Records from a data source
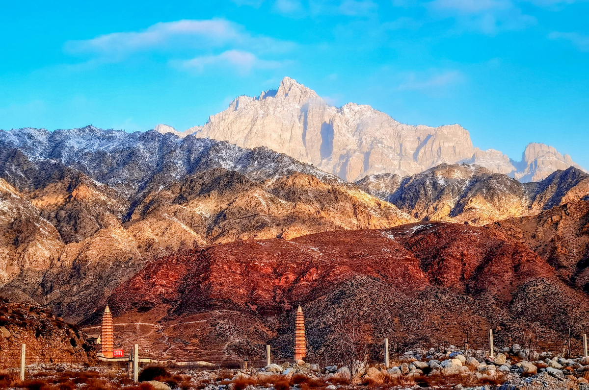 贺兰山双塔:西夏时期古塔,为贺兰山增添一抹韵味。
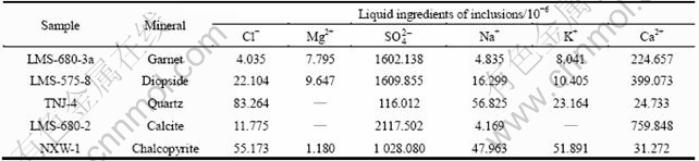 Table 2 Composition of liquid phase in fluid inclusions (mass fraction)
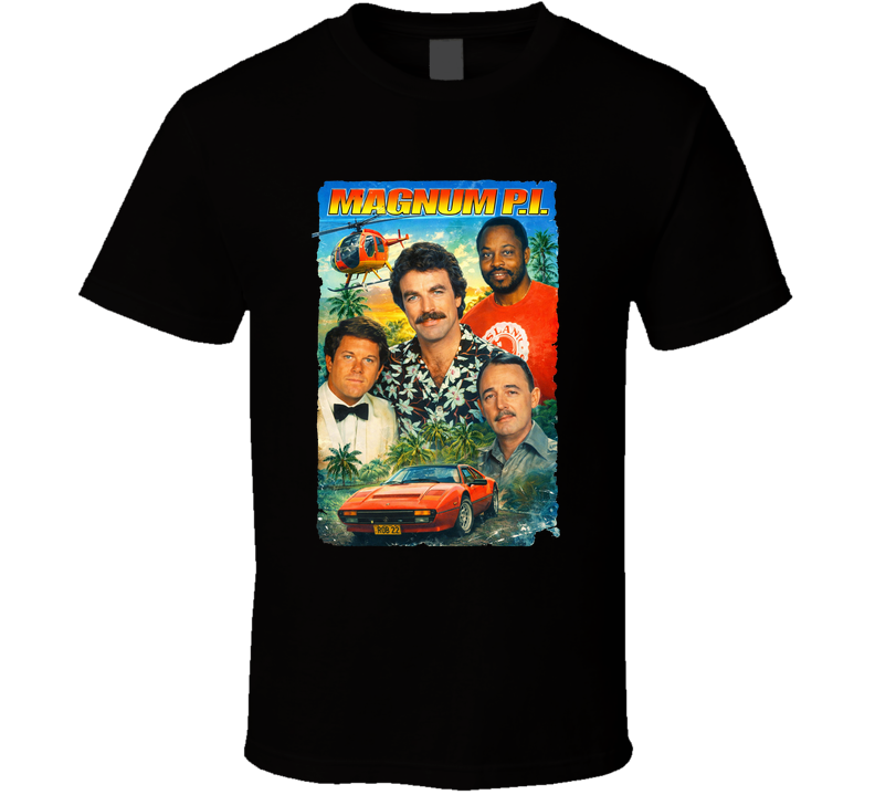 You will be sure to enjoy this Magnum Pi Retro Fan T Shirt which is available on a Black 100% Cotton Tee. The Magnum Pi Retro Fan T Shirt is available in youth, kids and adult sizes which you can select from the shirt size drop down below. T-Shirt is shipped out via USPS first class mail with tracking number.
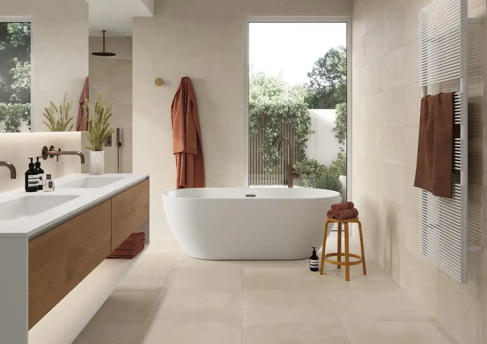 Коллекция Crew Umami - керамика с эффектом терракоты, с ультраматовой поверхностью, гладкой и приятной на ощупь, доступна в трех различных оттенках (миндаль, бежевый и серо-коричневый).
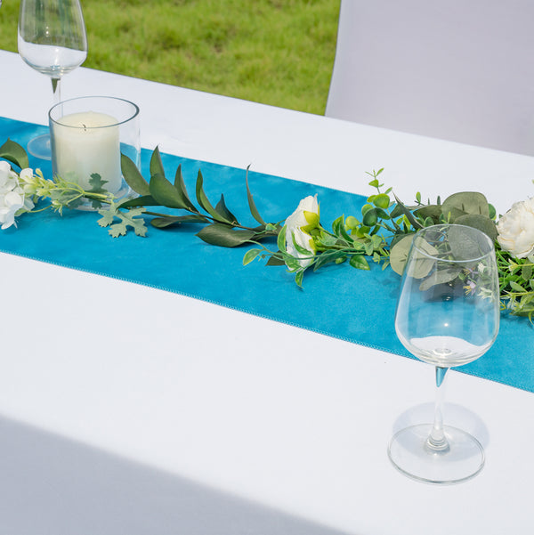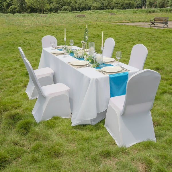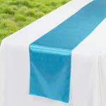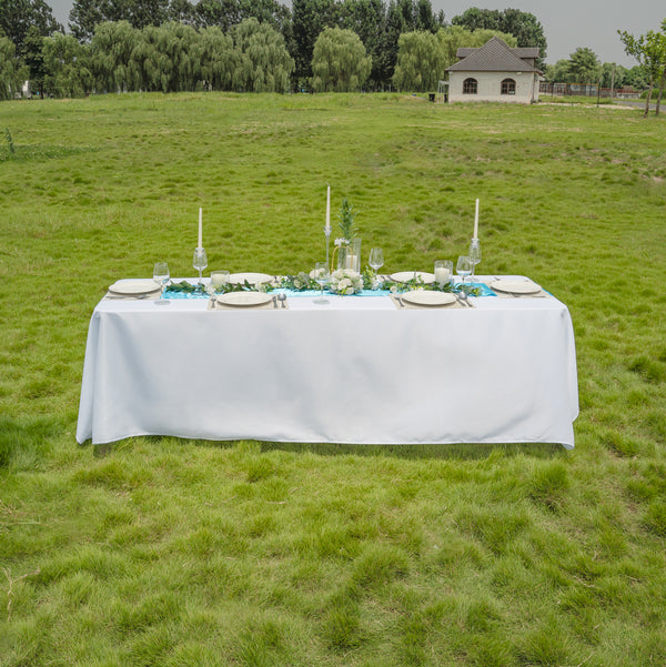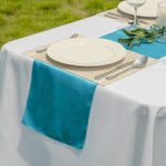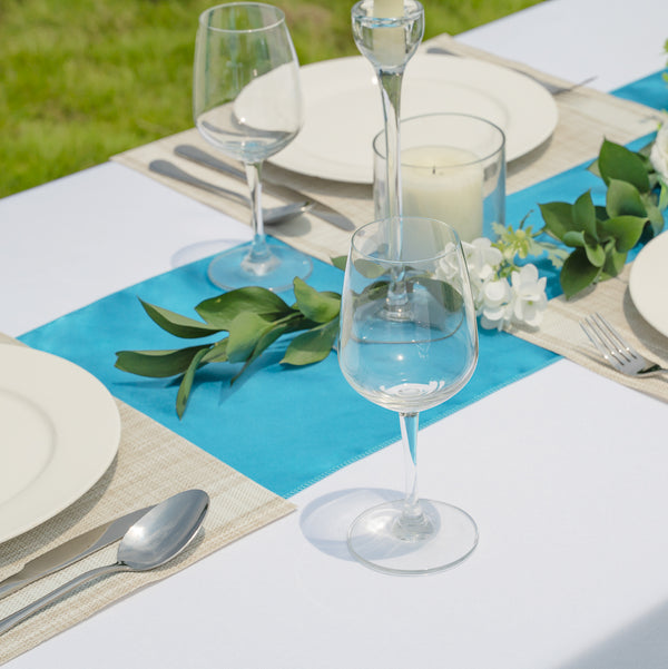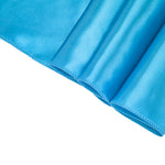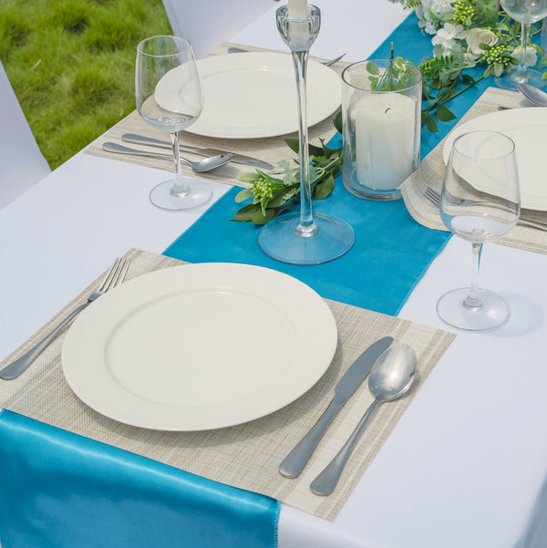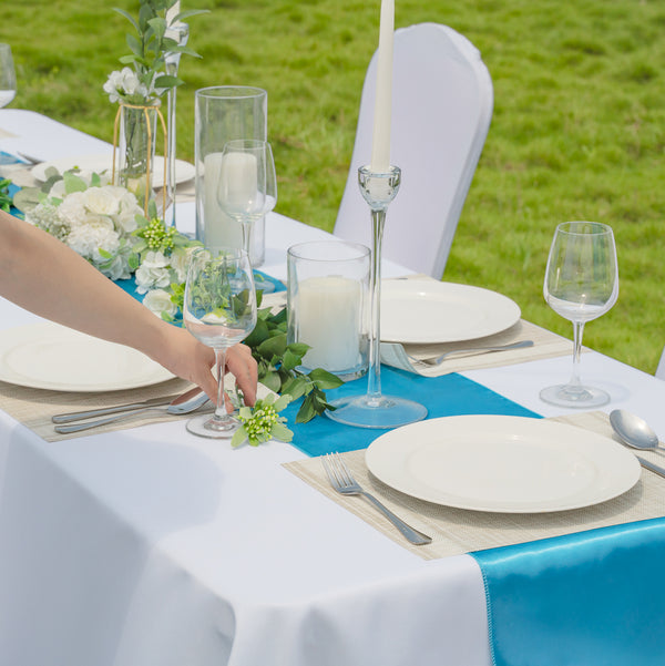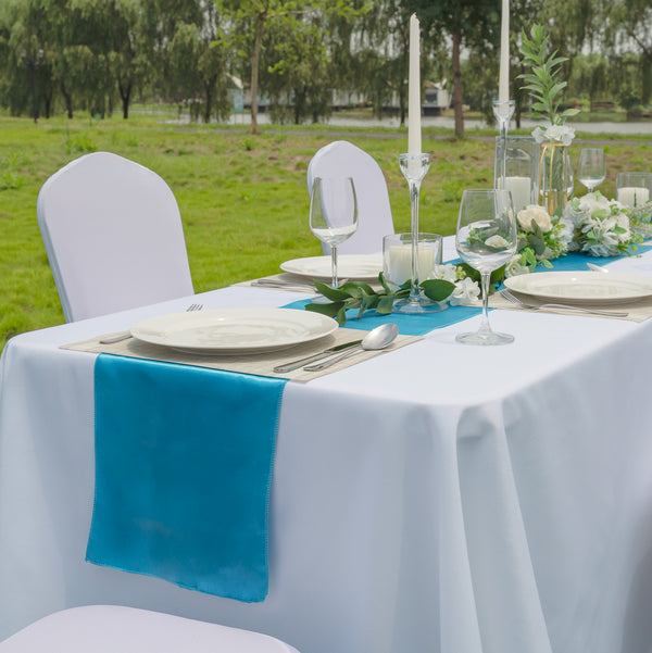 Add a chic touch to any table using our Table Tek Sky Blue Satin Table Runner. Featuring a sky blue finish, this elegant table runner effortlessly adds a splash of color to tables while matching place settings. Made from premium polyester with a satin weave, this sky blue table runner has a glossy look that complements the ambiance at formal events or upscale foodservice establishments. The one-piece design of this satin table runner doesn't have seams to provide a clean look. For easy clean up after events, this glossy table runner can be machine washed in a gentle cycle with cold water and tumble-dried using medium heat. You should not use bleach to clean this satin table runner to preserve its exceptional quality for long-lasting use. This blue table runner measures 108 inches long by 12 inches wide. Shipped in a 1 count box.

What you need to do
Copy each line above exactly. Images do not belong in the copy.

Result
 贺兰山双塔:西夏时期古塔,为贺兰山增添一抹韵味。
 Table 2 Composition of liquid phase in fluid inclusions (mass fraction)
 You will be sure to enjoy this Magnum Pi Retro Fan T Shirt which is available on a Black 100% Cotton Tee. The Magnum Pi Retro Fan T Shirt is available in youth, kids and adult sizes which you can select from the shirt size drop down below. T-Shirt is shipped out via USPS first class mail with tracking number.
 Коллекция Crew Umami - керамика с эффектом терракоты, с ультраматовой поверхностью, гладкой и приятной на ощупь, доступна в трех различных оттенках (миндаль, бежевый и серо-коричневый).
 Add a chic touch to any table using our Table Tek Sky Blue Satin Table Runner. Featuring a sky blue finish, this elegant table runner effortlessly adds a splash of color to tables while matching place settings. Made from premium polyester with a satin weave, this sky blue table runner has a glossy look that complements the ambiance at formal events or upscale foodservice establishments. The one-piece design of this satin table runner doesn't have seams to provide a clean look. For easy clean up after events, this glossy table runner can be machine washed in a gentle cycle with cold water and tumble-dried using medium heat. You should not use bleach to clean this satin table runner to preserve its exceptional quality for long-lasting use. This blue table runner measures 108 inches long by 12 inches wide. Shipped in a 1 count box.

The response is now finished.